The analysis performed by the optimizer can be simplified by assuming a constant door mass. However, the mass of the door must be determined at system startup. In practice, the value of 20 is obtained as the mass of the model, which is obtained, for example, as an average of the mass obtained from the first door operation of each layer 20. After this ··· "training period", the optimization and the task is to find the values for two unknown parameters, the friction resistance of the door movement and the force caused by the door tilt, ··· # 2 5. Now, the computational workload • · is reduced and parameter search easier. After a training period in this example of the present invention, the method functions like the method of Figure 3, with the difference that md is now a fixed constant para · · · · f 30 meter and that ek and E are both functions of two variables:.

• · · •

• I

I ·

I · I

One example of a typical door failure condition-

• I

·; ** there is a defect in the roller bearing bearing the door • • ·: 35 so that the door cannot slide smoothly over the roller. In such a situation, the frictional force of the door mechanism increases, depending on the mode of failure, either by leapfrogging or slowly over time. From this information, one need can be inferred from the need for maintenance and when.

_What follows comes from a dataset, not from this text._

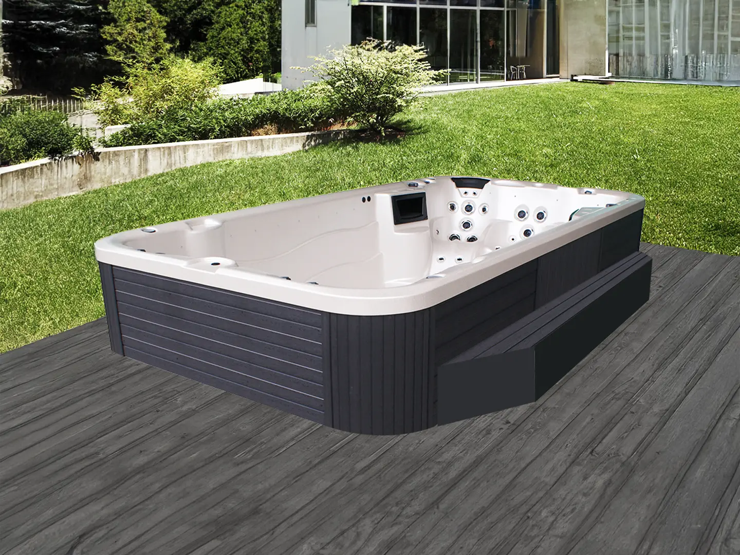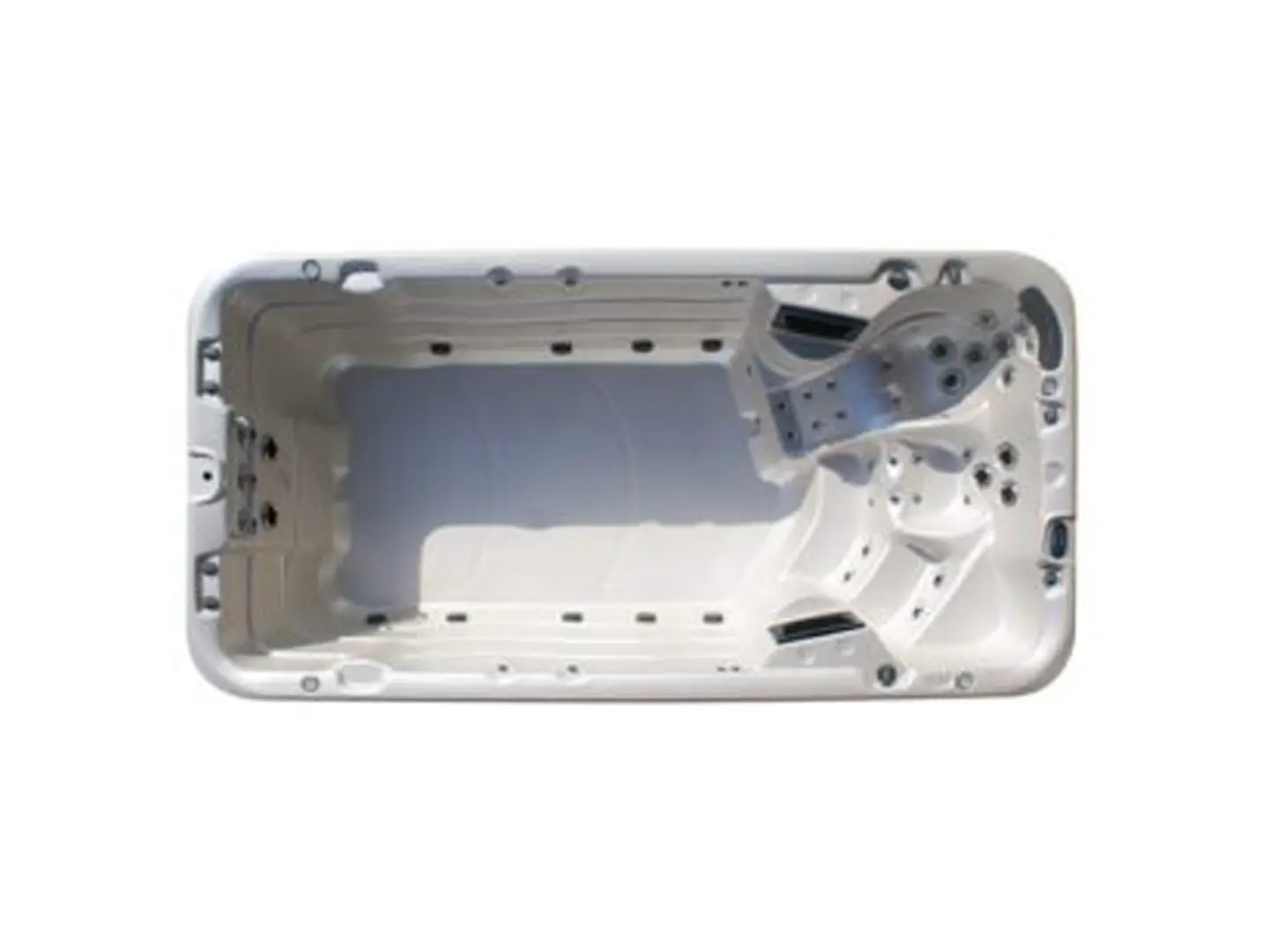 Arena Swimspa forener svømmetræning og wellness i ét elegant design. Med 57 massage- og luftdyser, 1 liggeplads, 1 siddeplads og et integreret barnesæde skaber den plads til hele familien. Oplev følelsen af uendelige svømmetag og total afslapning – direkte i din egen have.

5 Another possible type of fault is the door shutter failure. This may be due, for example, to the fact that, due to maintenance, the sealing weight has been removed and it has not been remembered to reinstall it. One of the causes of failure may be a break in the closing weight wire. Such a fault 10 manifests itself in the sudden and strong increase in the force Ftiit due to the heeling. It can be concluded that such a strong inclination of the door is not due to the actual inclination but to the loss of closing force. In this connection, there follows a need to automate the inferred state of the closure device 15 by any suitable method. Genetic algorithms can be used for this purpose. These algorithms can simultaneously determine both the correct door model (with or without a shutter) and unknown vo-2 0 mat ijxooor and Ftilt. While Genetic optimizes and seeks frictional and tilt forces, it finds the system model that produces the lowest tilt force.

* »» · • · • * <«·

The principle of genetic algorithms is to create artificial • · ... # 25 evolution by processor computational logic. The question is how to change the characteristics of a 'population' ('genes;'; ϊ them ') to get the most favorable' ·· ** result ("phenotype"). The process of change, the gene in your operations, is used. " strongest members of the population:: "survive" and their traits are inherited to the next generations. In the example of the method according to the present invention, the population is a set of models *; · One parameter vector corresponds to one chromosome in each of these 35 cases. Each chromosome has · · genes. Each gene in this context corresponds to one of the estimated model parameters, which are now 16116132 device operation, door frictional force and door tilt force. These three genes together can be called a phenotype, and the genetic algorithm works by first generating a population with randomly selected 5 gene values. for omosomes, a "performance" or "goodness value" is calculated, which in this example is a squared error term calculated using the door dynamic model previously described. In the genetic algorithm, the search proceeds from generation to generation. From each Sulo dome, the most efficient chromosomes are selected for the next generation, i.e., those that give the least squared error term value. The next generation of the best options after selection will be created using crossbreeding and mutation. Genetic ope-15 results in a novel population in which the genotype of the chromosomes differs, in whole or in part, from the previous population. The new population is calculated for performance, or squared error terms, and continues to yield the best-performing chromosome. Next, let us examine whether the number of squared error terms converges (and converges) and whether enough generations have already been processed to ensure convergence. The last generation of par • • · Haan individual genes are seen as the end result of the emotional * ·, ···. 25 magnitudes of non-linear forces and operating mode of the shutter.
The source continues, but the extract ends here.